▸ **PROBLEM DETAILS**: The answer should hold every line of the listing, unchanged and free of images.

▸ **DATA EXTRACTS**:
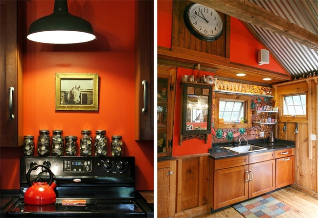 Tường bếp được sơn màu da cam và dưới tác động của ánh sáng, màu sơn tường sẽ có những biến chuyển thành màu đỏ. Thực tế là nội thất của căn bếp này khá hiện đại nhưng lại được ẩn giấu trong một thiết kế cổ điển với tủ gồm những họa tiết trang trí dân gian.
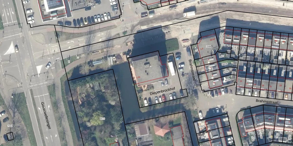 Het perceel waarop Diepenbrockhof 21 staat heeft een oppervlakte van 1061 m². Dit is een zeer groot perceel. De perceeloppervlakte wordt geregistreerd door het Kadaster. Gedetailleerde informatie over de maten van dit perceel kunt u vinden in het rapport Kadastrale kaart met maatvoering van Diepenbrockhof 21.
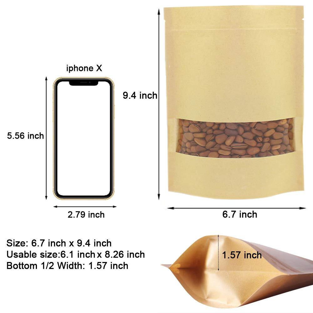Stand Up Kraft Paper Food Bags for Packaging Products Specification Material: food-grade kraft paper and plastic External Dimension: inch 6.7X 9.4 inch Package Include: 100 x paper packaging bags Why Choose Us? -Safe Quality. -Kinds of size for your choice. -Reusable clear bags for packaging. -Moisture-Proof, easily sealed, resealable. -Snack bags, cookie packaging bags, candy bags, coffee and bean storage bags, mini ziplock bags and more. Notes: 1.Please choose your right size according to the usable size. 2.We suggest opening the bottom of the bags first, then put the products in, it's better for standing up. 3.Please allow slight size errors due to manual measurement. 【Quantity & Size】You'll get 100pcs 6.7" x 9.4" kraft paper bags with window, however, the usable size is 6.1" x 8.26", suitable as sample bags, the small paper bags can store few food. There are kinds of size paper bags for your choice, please choose the appropriate size according to the purpose. 【Packaging Bags Design】With a single-sided transparent window easy to distinguish the packaging products. Zipper closure design, resealable bags for packaging, and the zip top can be sealed by sealing machine with good tightness. U-shaped notch design, easy to open the bag. And the bottom of the bag can stand up, you can open the bottom before packing. 【Safe Quality】The reusable food pouches are made of food-grade kraft paper and plastic, the inner lining are with safe wax coating, odorless, reusable and moisture proof. The bottom is thickened to increase the load-bearing capacity of the packaging. 【Applications】Depending on the different size, suitable for packaging various products, like bath salt, nuts, oats, cookies, candy, tea, coffee beans, grains, and kitchen ingredients. You can also attach your own brand label on the surface as a retail or sample display package. Perfect for home and store. 【After Service Guarantee】We have checked the zip lock storage bags strictly to guarantee the quality, if any question of workmanship under normal conditions, please feel free to contact us, we'll refund you or replace a new one for you.
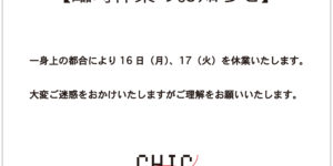 臨時休業のお知らせ
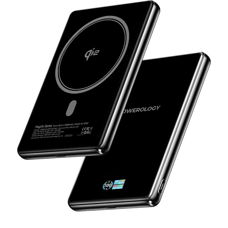 Powerology Skye 10000mAh MagSafe Power Bank with Smart Screen Display, 15W Wireless Charging, 20W Max Output Power, Qi2 Wireless Charging, Li-Polymer Battery, USB-C Input/Output Port, iPhone & Android Compatibility, Strong Magnetic Hold, Ultra-thin Design - Black
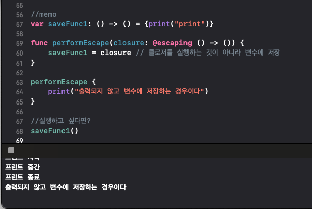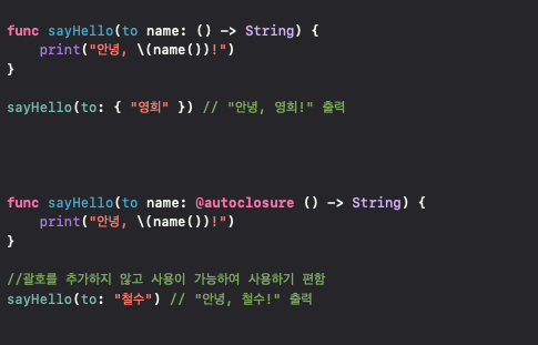 함수는 오토클로저와 탈출 클로저를 함께 사용하고 있습니다
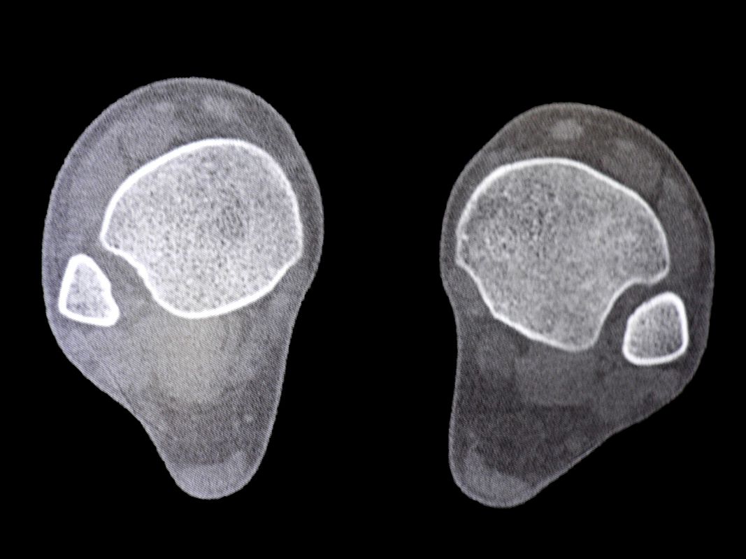 Die CT-Diagnostik erlaubt eine kritischere Beurteilung des DTFG. Die Wertigkeit zur Beurteilung von Syndesmosenverletzungen wurde in diversen Studien untersucht. Die Kongruenz im distalen Tibiofibulargelenk sollte in den axialen Schichten beurteilt werden 39. Aufgrund der hohen physiologischen Varianz, ist ein Seitenvergleich empfehlenswert (Abb. 5). So können die anteroposteriore Translation, Rotation und Verkürzung des betroffenen DTFG im Vergleich zum gesunden DTFG verglichen werden 40.
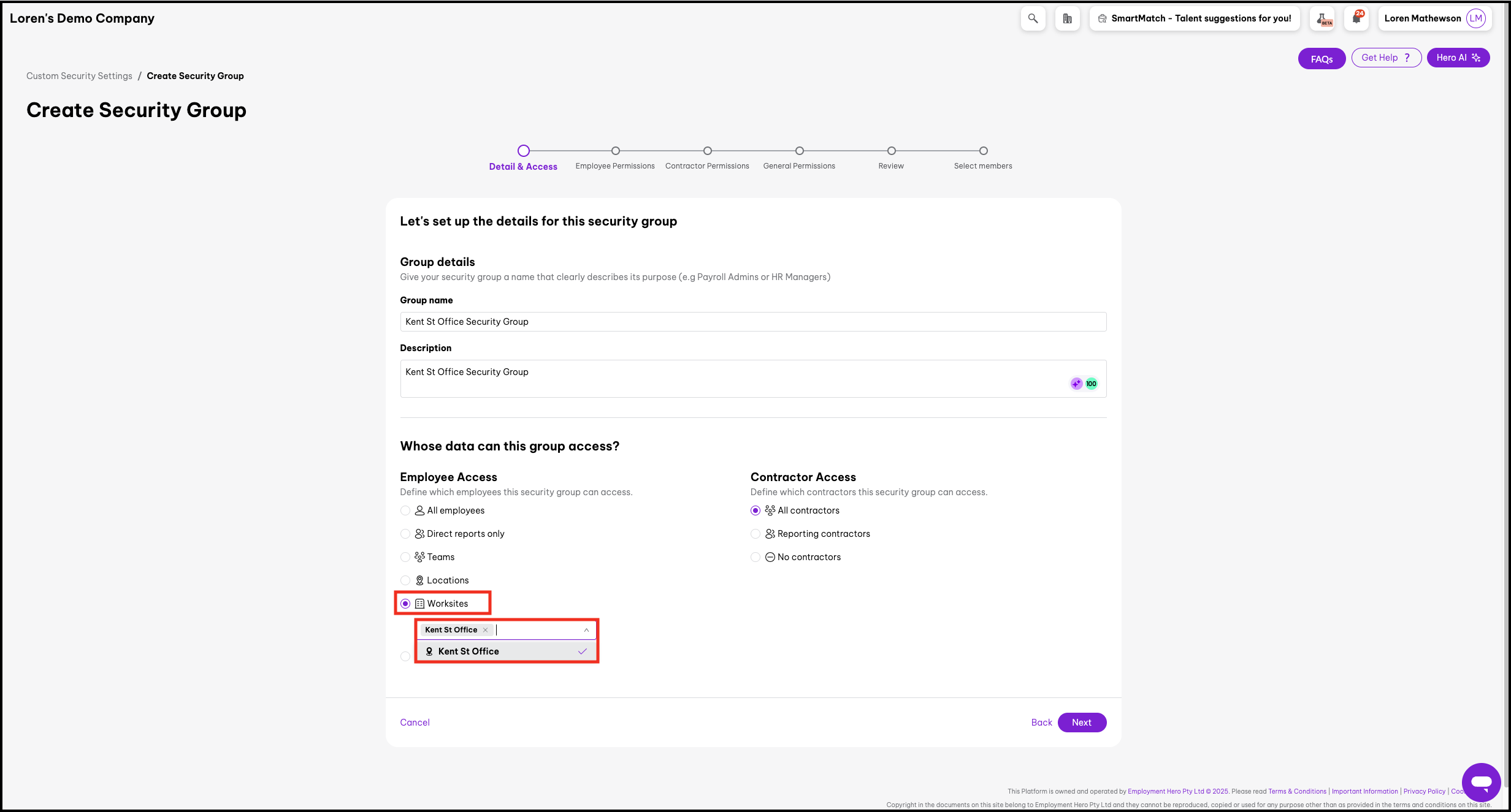 Under the Employee Access subheading, select Work Sites, and choose the work site from the drop-down menu.
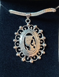 Sterling Silver 925 Vintage Necklace And Pendant of Queen Nefertiti, thick chain
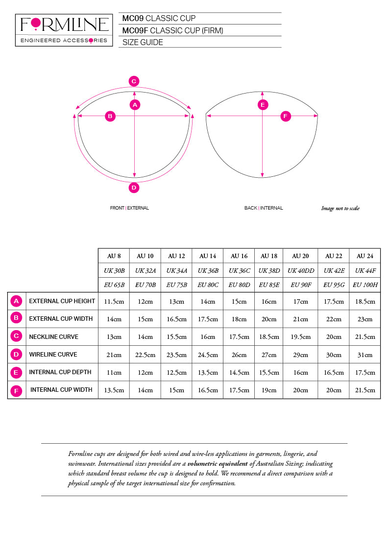 All cup measurements in mm and dimensions are approximate. We recommend purchasing a sample pair to ensure that fit is correct for your garment.
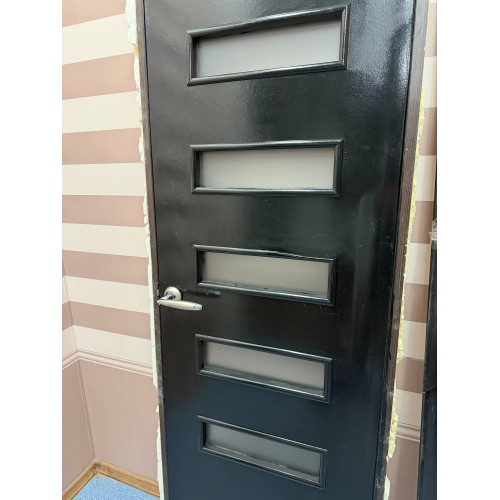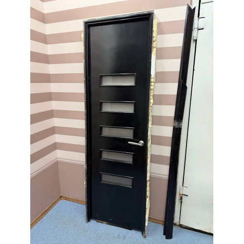 Характеристики: Каркас полотна - дерево Покриття - по фарбовані Відкривання - праве Ширина - 206 мм Висота - 650 мм Матеріал дверної коробки - дерево Двері ширина - 200 мм Двері висота - 600 мм Замок - без замка Колір - чорний Додатково - з маленькими горизонтальними вікошками 5шт. Стан - Уживаний товар, з одніє сторони немає накладки на ручки
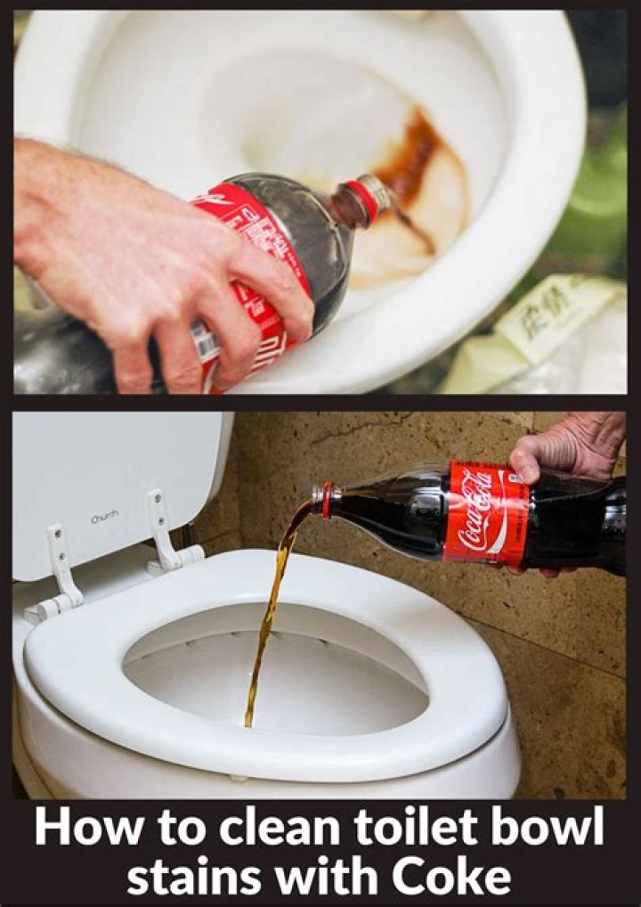 Pour Coca-Cola along the edges of the toilet bowl — the carbonation will take care of the heavy lifting for you!Leave the soda in the toilet overnight.The next morning, flush the fizz away and your toilet will look good as new.

▸ **RESPONSE TO THIS EXERCISE**:
 Tường bếp được sơn màu da cam và dưới tác động của ánh sáng, màu sơn tường sẽ có những biến chuyển thành màu đỏ. Thực tế là nội thất của căn bếp này khá hiện đại nhưng lại được ẩn giấu trong một thiết kế cổ điển với tủ gồm những họa tiết trang trí dân gian.
 Het perceel waarop Diepenbrockhof 21 staat heeft een oppervlakte van 1061 m². Dit is een zeer groot perceel. De perceeloppervlakte wordt geregistreerd door het Kadaster. Gedetailleerde informatie over de maten van dit perceel kunt u vinden in het rapport Kadastrale kaart met maatvoering van Diepenbrockhof 21.
Stand Up Kraft Paper Food Bags for Packaging Products Specification Material: food-grade kraft paper and plastic External Dimension: inch 6.7X 9.4 inch Package Include: 100 x paper packaging bags Why Choose Us? -Safe Quality. -Kinds of size for your choice. -Reusable clear bags for packaging. -Moisture-Proof, easily sealed, resealable. -Snack bags, cookie packaging bags, candy bags, coffee and bean storage bags, mini ziplock bags and more. Notes: 1.Please choose your right size according to the usable size. 2.We suggest opening the bottom of the bags first, then put the products in, it's better for standing up. 3.Please allow slight size errors due to manual measurement. 【Quantity & Size】You'll get 100pcs 6.7" x 9.4" kraft paper bags with window, however, the usable size is 6.1" x 8.26", suitable as sample bags, the small paper bags can store few food. There are kinds of size paper bags for your choice, please choose the appropriate size according to the purpose. 【Packaging Bags Design】With a single-sided transparent window easy to distinguish the packaging products. Zipper closure design, resealable bags for packaging, and the zip top can be sealed by sealing machine with good tightness. U-shaped notch design, easy to open the bag. And the bottom of the bag can stand up, you can open the bottom before packing. 【Safe Quality】The reusable food pouches are made of food-grade kraft paper and plastic, the inner lining are with safe wax coating, odorless, reusable and moisture proof. The bottom is thickened to increase the load-bearing capacity of the packaging. 【Applications】Depending on the different size, suitable for packaging various products, like bath salt, nuts, oats, cookies, candy, tea, coffee beans, grains, and kitchen ingredients. You can also attach your own brand label on the surface as a retail or sample display package. Perfect for home and store. 【After Service Guarantee】We have checked the zip lock storage bags strictly to guarantee the quality, if any question of workmanship under normal conditions, please feel free to contact us, we'll refund you or replace a new one for you.
 臨時休業のお知らせ
 Powerology Skye 10000mAh MagSafe Power Bank with Smart Screen Display, 15W Wireless Charging, 20W Max Output Power, Qi2 Wireless Charging, Li-Polymer Battery, USB-C Input/Output Port, iPhone & Android Compatibility, Strong Magnetic Hold, Ultra-thin Design - Black
 함수는 오토클로저와 탈출 클로저를 함께 사용하고 있습니다
 Die CT-Diagnostik erlaubt eine kritischere Beurteilung des DTFG. Die Wertigkeit zur Beurteilung von Syndesmosenverletzungen wurde in diversen Studien untersucht. Die Kongruenz im distalen Tibiofibulargelenk sollte in den axialen Schichten beurteilt werden 39. Aufgrund der hohen physiologischen Varianz, ist ein Seitenvergleich empfehlenswert (Abb. 5). So können die anteroposteriore Translation, Rotation und Verkürzung des betroffenen DTFG im Vergleich zum gesunden DTFG verglichen werden 40.
 Under the Employee Access subheading, select Work Sites, and choose the work site from the drop-down menu.
 Sterling Silver 925 Vintage Necklace And Pendant of Queen Nefertiti, thick chain
 All cup measurements in mm and dimensions are approximate. We recommend purchasing a sample pair to ensure that fit is correct for your garment.
 Характеристики: Каркас полотна - дерево Покриття - по фарбовані Відкривання - праве Ширина - 206 мм Висота - 650 мм Матеріал дверної коробки - дерево Двері ширина - 200 мм Двері висота - 600 мм Замок - без замка Колір - чорний Додатково - з маленькими горизонтальними вікошками 5шт. Стан - Уживаний товар, з одніє сторони немає накладки на ручки
 Pour Coca-Cola along the edges of the toilet bowl — the carbonation will take care of the heavy lifting for you!Leave the soda in the toilet overnight.The next morning, flush the fizz away and your toilet will look good as new.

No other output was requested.